=== Section Start ===

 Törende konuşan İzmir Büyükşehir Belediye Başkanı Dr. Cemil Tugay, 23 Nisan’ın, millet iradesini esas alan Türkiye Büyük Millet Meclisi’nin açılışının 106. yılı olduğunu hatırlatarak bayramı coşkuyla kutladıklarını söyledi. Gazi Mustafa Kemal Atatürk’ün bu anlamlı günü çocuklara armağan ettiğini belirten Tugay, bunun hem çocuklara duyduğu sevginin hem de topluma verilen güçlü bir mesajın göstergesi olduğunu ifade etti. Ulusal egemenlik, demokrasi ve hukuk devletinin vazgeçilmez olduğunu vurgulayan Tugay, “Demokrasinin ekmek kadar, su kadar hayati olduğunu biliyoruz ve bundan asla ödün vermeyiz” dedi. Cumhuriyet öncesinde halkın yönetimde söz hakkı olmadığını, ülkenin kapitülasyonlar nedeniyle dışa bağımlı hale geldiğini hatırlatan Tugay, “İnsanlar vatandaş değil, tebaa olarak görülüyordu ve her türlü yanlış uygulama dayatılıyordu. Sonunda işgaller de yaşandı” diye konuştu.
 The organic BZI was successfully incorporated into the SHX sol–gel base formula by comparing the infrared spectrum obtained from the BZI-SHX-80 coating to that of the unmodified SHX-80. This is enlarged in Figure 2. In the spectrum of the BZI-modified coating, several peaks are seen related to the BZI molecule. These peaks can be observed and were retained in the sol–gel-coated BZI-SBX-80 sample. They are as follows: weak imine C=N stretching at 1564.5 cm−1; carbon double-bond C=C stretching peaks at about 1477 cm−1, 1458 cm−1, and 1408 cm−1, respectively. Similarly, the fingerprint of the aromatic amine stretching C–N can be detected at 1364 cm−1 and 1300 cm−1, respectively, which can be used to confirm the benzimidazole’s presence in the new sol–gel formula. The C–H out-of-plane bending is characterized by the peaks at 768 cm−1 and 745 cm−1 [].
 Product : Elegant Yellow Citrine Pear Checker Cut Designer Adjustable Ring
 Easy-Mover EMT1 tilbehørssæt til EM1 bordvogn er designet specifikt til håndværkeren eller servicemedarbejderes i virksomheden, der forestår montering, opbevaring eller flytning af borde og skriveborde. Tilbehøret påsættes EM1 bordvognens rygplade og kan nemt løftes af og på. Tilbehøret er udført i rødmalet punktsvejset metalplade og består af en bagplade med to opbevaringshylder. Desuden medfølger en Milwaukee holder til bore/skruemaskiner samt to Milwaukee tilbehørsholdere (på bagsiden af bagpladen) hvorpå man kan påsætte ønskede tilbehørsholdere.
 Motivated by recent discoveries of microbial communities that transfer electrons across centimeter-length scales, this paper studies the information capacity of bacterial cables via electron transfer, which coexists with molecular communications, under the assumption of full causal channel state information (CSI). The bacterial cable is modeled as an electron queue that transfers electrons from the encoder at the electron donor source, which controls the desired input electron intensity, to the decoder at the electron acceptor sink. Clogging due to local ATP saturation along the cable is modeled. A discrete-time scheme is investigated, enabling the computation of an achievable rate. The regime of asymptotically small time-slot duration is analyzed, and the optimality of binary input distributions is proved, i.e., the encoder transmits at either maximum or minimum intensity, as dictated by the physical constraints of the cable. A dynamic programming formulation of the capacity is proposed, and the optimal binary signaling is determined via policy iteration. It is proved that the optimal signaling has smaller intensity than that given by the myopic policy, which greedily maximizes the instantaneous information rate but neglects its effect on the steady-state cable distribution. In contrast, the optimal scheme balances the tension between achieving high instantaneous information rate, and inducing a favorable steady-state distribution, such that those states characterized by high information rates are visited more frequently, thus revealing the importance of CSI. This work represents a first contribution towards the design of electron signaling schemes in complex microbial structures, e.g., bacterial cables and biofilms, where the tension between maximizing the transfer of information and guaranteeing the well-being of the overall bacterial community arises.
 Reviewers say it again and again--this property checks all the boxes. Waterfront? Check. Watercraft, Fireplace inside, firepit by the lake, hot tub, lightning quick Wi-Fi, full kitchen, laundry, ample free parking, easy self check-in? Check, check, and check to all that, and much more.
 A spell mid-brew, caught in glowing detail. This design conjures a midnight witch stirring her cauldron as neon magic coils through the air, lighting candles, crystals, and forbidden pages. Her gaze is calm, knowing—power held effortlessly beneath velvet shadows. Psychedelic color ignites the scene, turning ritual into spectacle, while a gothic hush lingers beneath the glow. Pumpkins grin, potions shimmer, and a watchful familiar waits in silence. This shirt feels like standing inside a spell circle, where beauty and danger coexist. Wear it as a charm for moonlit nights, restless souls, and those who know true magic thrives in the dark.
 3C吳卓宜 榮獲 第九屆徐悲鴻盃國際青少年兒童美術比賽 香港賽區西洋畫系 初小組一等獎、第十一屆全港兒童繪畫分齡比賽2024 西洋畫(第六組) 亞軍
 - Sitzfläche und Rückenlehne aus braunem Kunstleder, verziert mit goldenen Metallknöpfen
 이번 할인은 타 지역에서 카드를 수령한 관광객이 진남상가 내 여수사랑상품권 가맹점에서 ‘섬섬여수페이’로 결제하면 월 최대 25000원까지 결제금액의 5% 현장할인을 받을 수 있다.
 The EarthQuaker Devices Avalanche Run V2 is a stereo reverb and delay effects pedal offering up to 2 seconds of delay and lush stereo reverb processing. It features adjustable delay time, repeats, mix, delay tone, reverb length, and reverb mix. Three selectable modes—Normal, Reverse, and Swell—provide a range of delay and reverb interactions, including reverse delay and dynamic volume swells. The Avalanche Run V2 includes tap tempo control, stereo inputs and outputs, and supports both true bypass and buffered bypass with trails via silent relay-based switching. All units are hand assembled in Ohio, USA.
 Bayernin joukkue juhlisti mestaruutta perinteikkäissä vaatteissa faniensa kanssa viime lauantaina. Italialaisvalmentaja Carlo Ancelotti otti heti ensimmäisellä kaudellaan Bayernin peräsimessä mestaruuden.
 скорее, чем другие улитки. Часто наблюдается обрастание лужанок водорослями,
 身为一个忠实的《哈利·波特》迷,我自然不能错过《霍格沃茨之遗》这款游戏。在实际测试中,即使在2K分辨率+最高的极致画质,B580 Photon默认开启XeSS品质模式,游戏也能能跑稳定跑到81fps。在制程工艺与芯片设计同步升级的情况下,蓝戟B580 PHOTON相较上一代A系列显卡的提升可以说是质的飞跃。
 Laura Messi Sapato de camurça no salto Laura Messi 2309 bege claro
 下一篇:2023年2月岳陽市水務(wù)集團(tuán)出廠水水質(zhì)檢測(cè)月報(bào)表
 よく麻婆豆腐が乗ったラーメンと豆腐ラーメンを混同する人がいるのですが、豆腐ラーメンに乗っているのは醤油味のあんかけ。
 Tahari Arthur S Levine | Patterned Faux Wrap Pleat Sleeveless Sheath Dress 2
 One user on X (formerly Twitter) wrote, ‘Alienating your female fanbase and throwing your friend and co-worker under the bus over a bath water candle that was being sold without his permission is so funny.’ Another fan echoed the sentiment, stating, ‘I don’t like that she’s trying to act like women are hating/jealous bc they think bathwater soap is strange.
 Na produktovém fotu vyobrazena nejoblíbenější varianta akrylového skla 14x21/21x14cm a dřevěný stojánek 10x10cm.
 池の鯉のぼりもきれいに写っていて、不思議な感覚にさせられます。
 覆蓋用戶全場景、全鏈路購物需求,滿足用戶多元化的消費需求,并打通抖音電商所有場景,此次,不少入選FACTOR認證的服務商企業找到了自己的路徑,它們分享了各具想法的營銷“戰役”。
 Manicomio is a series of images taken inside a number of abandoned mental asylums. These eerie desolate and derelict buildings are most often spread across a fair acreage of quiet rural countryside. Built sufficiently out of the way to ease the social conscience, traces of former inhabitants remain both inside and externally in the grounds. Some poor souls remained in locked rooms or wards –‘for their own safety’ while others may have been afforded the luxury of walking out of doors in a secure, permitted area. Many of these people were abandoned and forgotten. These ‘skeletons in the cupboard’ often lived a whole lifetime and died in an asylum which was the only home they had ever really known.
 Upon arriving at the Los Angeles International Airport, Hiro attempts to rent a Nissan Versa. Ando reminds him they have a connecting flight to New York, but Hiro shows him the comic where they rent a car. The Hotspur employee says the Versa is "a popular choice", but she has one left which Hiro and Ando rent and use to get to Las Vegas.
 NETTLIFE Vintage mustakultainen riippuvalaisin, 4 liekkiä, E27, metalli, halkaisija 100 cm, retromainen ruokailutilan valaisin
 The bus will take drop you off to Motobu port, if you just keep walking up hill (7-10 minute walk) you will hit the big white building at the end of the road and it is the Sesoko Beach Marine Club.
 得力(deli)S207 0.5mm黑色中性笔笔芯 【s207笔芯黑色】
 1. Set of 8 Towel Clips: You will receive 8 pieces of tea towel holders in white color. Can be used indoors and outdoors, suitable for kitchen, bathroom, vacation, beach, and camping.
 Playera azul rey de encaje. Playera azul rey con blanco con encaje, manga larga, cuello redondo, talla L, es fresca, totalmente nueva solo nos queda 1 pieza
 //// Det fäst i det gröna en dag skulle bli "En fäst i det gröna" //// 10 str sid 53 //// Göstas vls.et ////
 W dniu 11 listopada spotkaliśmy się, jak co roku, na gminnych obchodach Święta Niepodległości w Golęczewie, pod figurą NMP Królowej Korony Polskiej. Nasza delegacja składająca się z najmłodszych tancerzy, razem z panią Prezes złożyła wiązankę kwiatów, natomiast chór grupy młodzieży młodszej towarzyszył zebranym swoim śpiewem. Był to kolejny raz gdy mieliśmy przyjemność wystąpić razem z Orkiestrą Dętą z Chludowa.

=== Section End ===

> [ABOUT THIS EXERCISE]: Would you print, exactly as written, every line above from the one holding "よく麻婆豆腐が乗ったラーメン" through the one holding "Manicomio is a", with both included and no other lines?

> [FINAL ANSWER]:
 よく麻婆豆腐が乗ったラーメンと豆腐ラーメンを混同する人がいるのですが、豆腐ラーメンに乗っているのは醤油味のあんかけ。
 Tahari Arthur S Levine | Patterned Faux Wrap Pleat Sleeveless Sheath Dress 2
 One user on X (formerly Twitter) wrote, ‘Alienating your female fanbase and throwing your friend and co-worker under the bus over a bath water candle that was being sold without his permission is so funny.’ Another fan echoed the sentiment, stating, ‘I don’t like that she’s trying to act like women are hating/jealous bc they think bathwater soap is strange.
 Na produktovém fotu vyobrazena nejoblíbenější varianta akrylového skla 14x21/21x14cm a dřevěný stojánek 10x10cm.
 池の鯉のぼりもきれいに写っていて、不思議な感覚にさせられます。
 覆蓋用戶全場景、全鏈路購物需求,滿足用戶多元化的消費需求,并打通抖音電商所有場景,此次,不少入選FACTOR認證的服務商企業找到了自己的路徑,它們分享了各具想法的營銷“戰役”。
 Manicomio is a series of images taken inside a number of abandoned mental asylums. These eerie desolate and derelict buildings are most often spread across a fair acreage of quiet rural countryside. Built sufficiently out of the way to ease the social conscience, traces of former inhabitants remain both inside and externally in the grounds. Some poor souls remained in locked rooms or wards –‘for their own safety’ while others may have been afforded the luxury of walking out of doors in a secure, permitted area. Many of these people were abandoned and forgotten. These ‘skeletons in the cupboard’ often lived a whole lifetime and died in an asylum which was the only home they had ever really known.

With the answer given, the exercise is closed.